Restate every line of the material below word for word, skipping the images.

The data:
------------------------

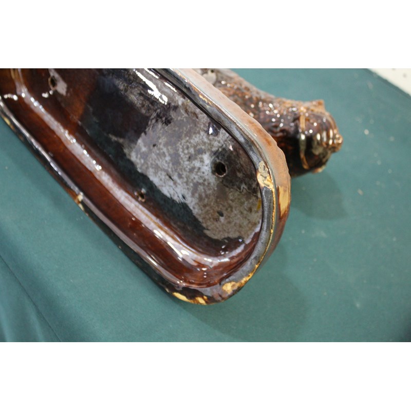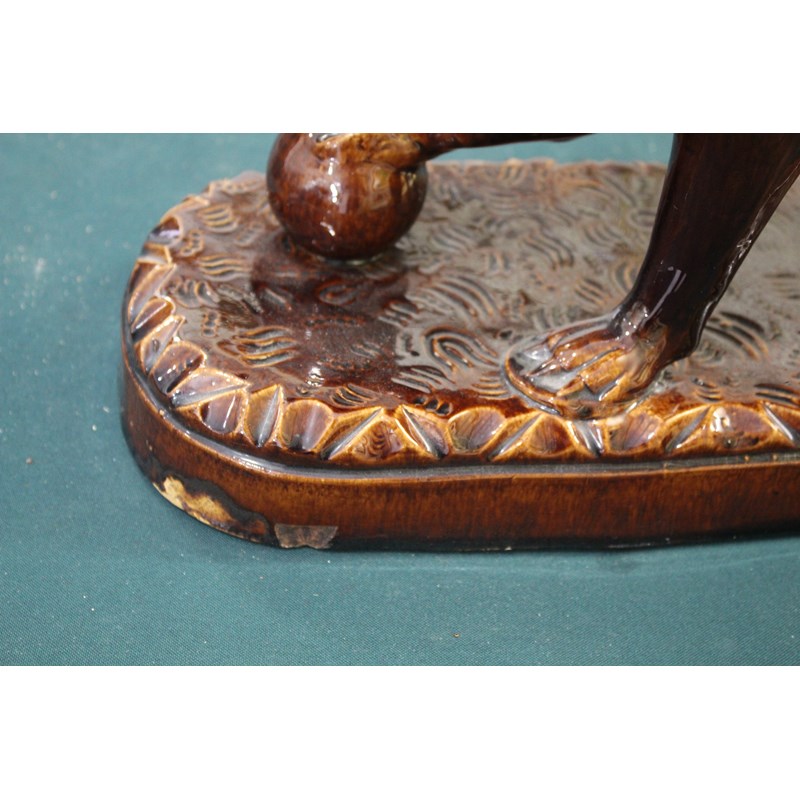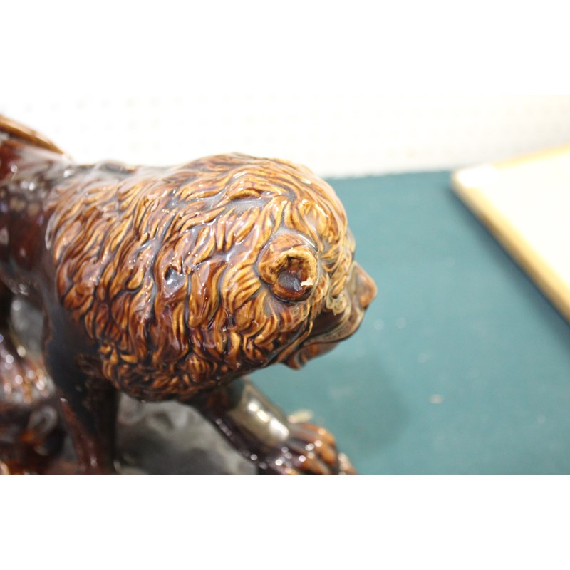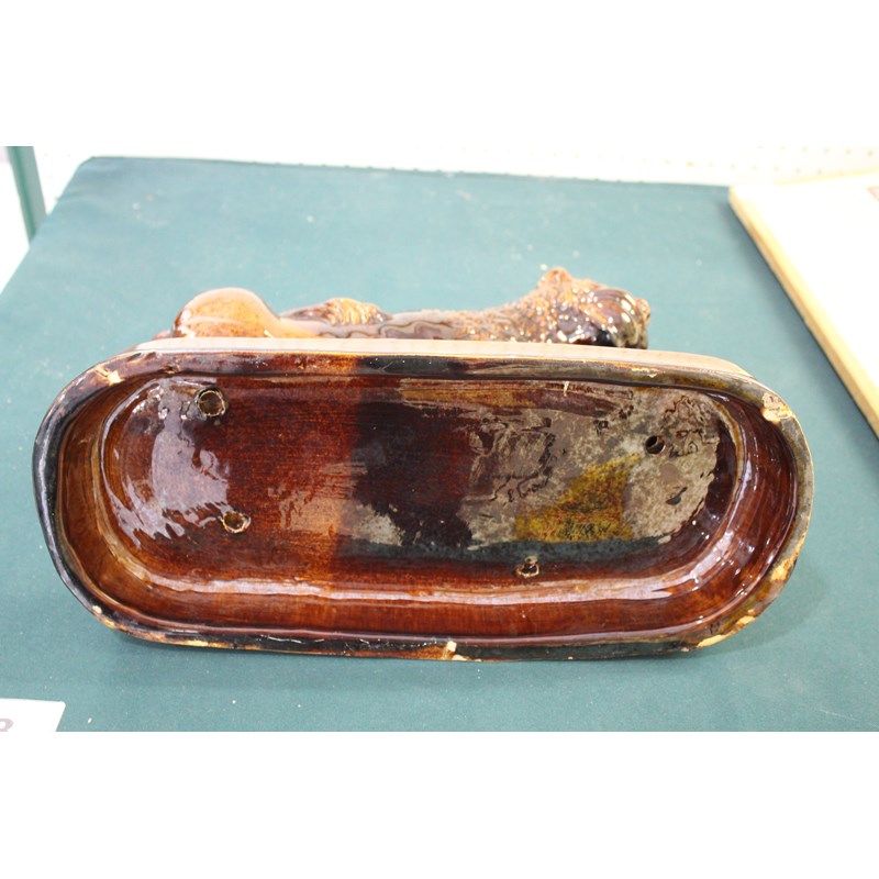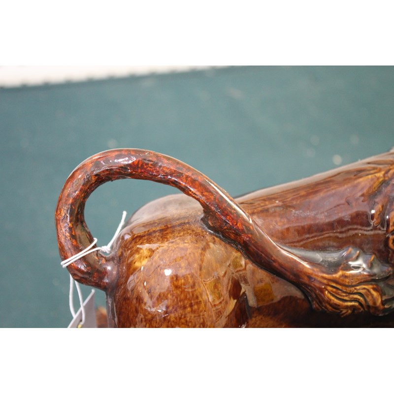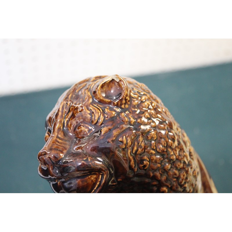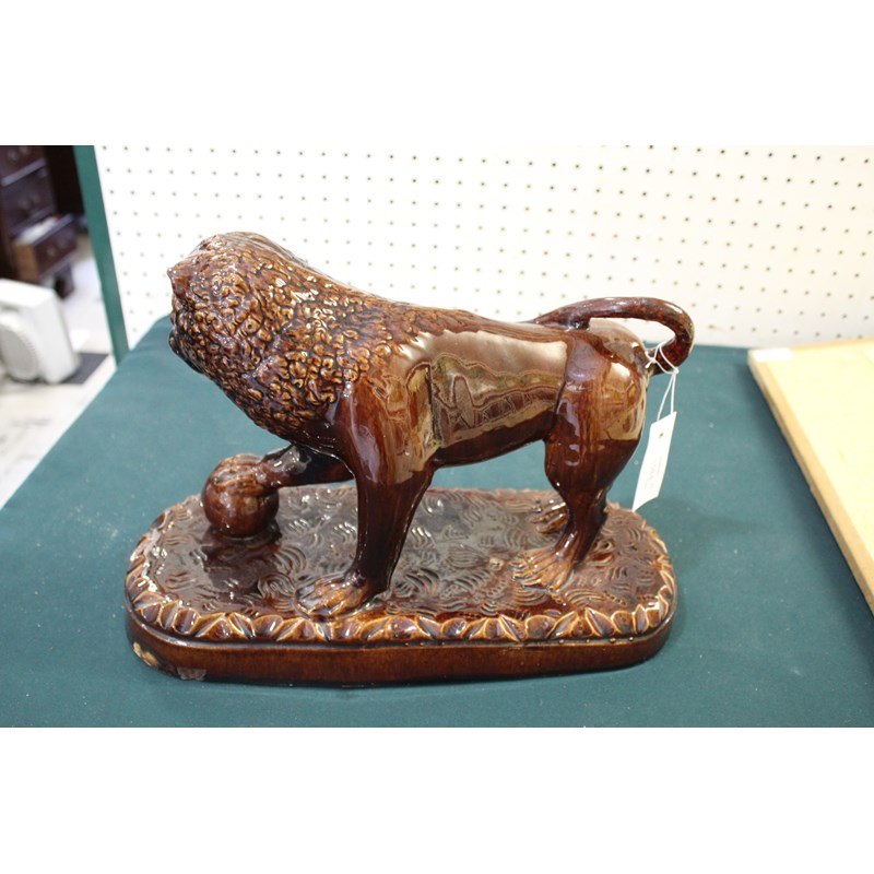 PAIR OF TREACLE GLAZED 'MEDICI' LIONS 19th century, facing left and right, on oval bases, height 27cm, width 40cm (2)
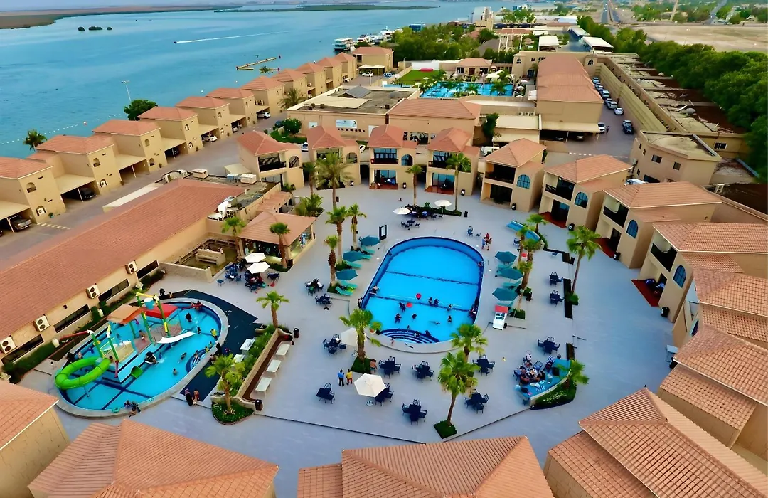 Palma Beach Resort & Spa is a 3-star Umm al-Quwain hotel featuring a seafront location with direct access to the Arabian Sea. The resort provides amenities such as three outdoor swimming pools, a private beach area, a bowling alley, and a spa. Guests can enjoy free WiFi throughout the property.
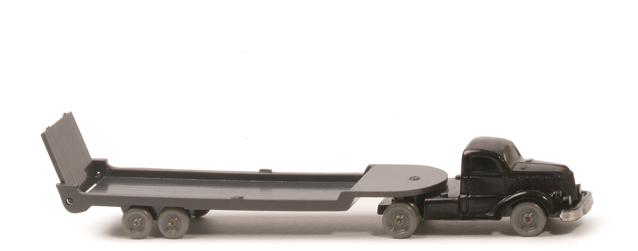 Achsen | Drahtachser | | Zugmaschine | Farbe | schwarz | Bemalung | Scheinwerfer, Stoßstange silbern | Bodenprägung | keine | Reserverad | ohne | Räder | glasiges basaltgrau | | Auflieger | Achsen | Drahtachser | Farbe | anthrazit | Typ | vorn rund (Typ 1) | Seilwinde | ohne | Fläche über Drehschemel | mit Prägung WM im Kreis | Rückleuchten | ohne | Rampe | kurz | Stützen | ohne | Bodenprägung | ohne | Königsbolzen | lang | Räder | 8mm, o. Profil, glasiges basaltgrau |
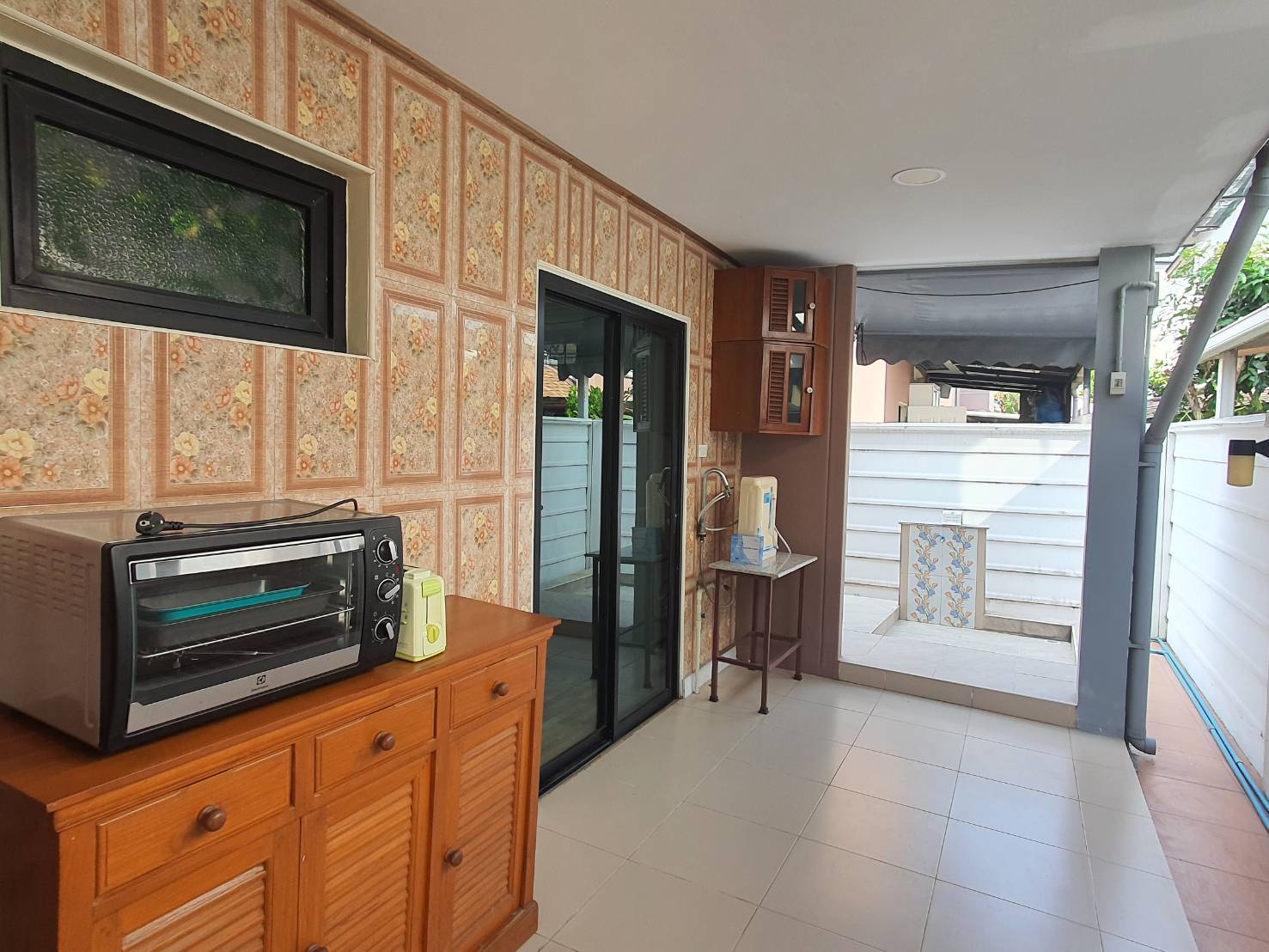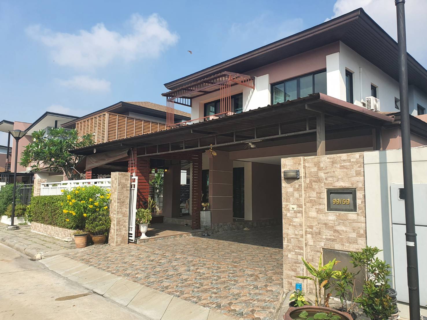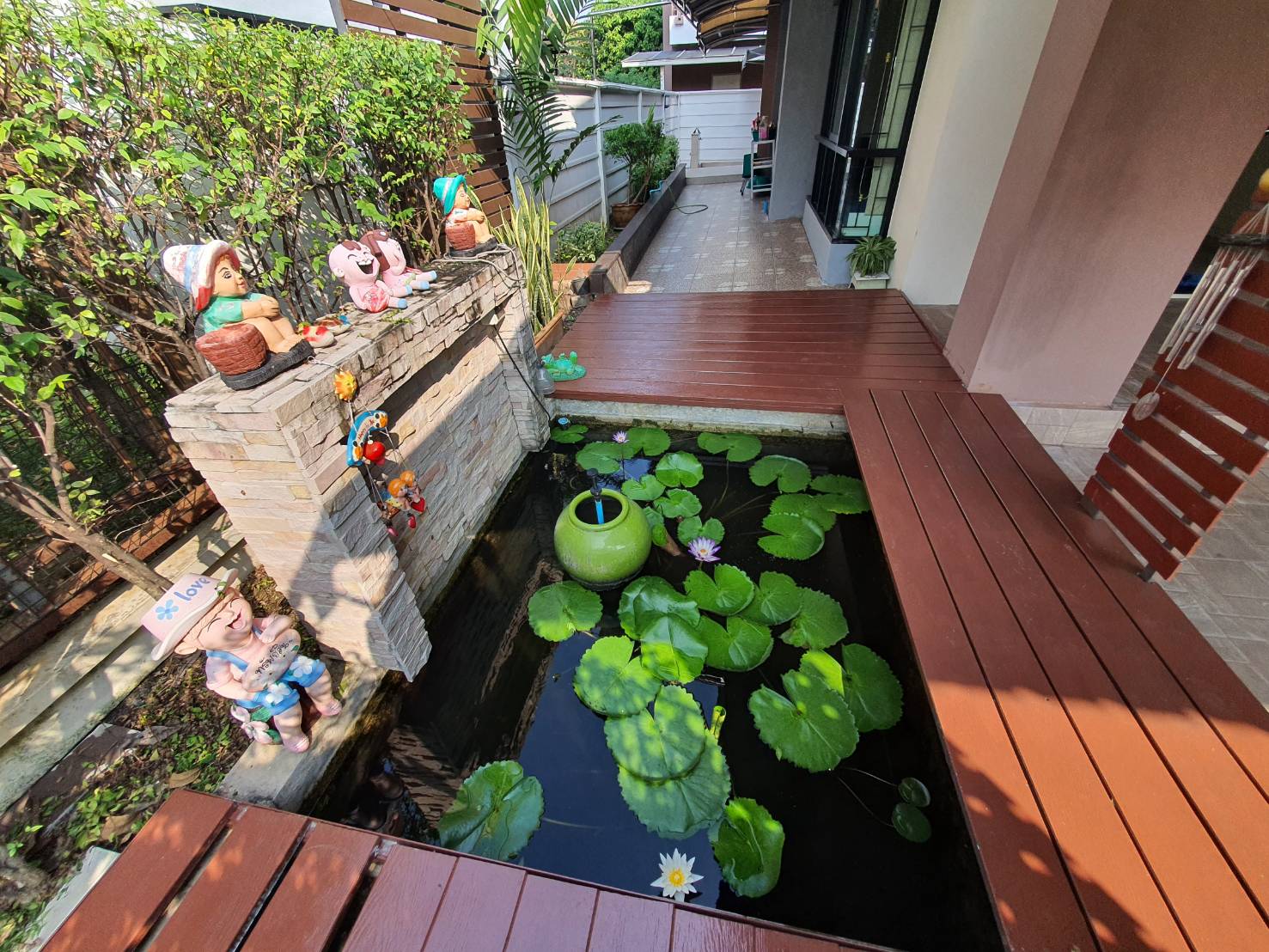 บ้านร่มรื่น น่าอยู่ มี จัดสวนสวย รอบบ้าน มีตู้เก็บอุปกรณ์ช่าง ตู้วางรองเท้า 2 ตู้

------------------------

Result below:
 PAIR OF TREACLE GLAZED 'MEDICI' LIONS 19th century, facing left and right, on oval bases, height 27cm, width 40cm (2)
 Palma Beach Resort & Spa is a 3-star Umm al-Quwain hotel featuring a seafront location with direct access to the Arabian Sea. The resort provides amenities such as three outdoor swimming pools, a private beach area, a bowling alley, and a spa. Guests can enjoy free WiFi throughout the property.
 Achsen | Drahtachser | | Zugmaschine | Farbe | schwarz | Bemalung | Scheinwerfer, Stoßstange silbern | Bodenprägung | keine | Reserverad | ohne | Räder | glasiges basaltgrau | | Auflieger | Achsen | Drahtachser | Farbe | anthrazit | Typ | vorn rund (Typ 1) | Seilwinde | ohne | Fläche über Drehschemel | mit Prägung WM im Kreis | Rückleuchten | ohne | Rampe | kurz | Stützen | ohne | Bodenprägung | ohne | Königsbolzen | lang | Räder | 8mm, o. Profil, glasiges basaltgrau |
 บ้านร่มรื่น น่าอยู่ มี จัดสวนสวย รอบบ้าน มีตู้เก็บอุปกรณ์ช่าง ตู้วางรองเท้า 2 ตู้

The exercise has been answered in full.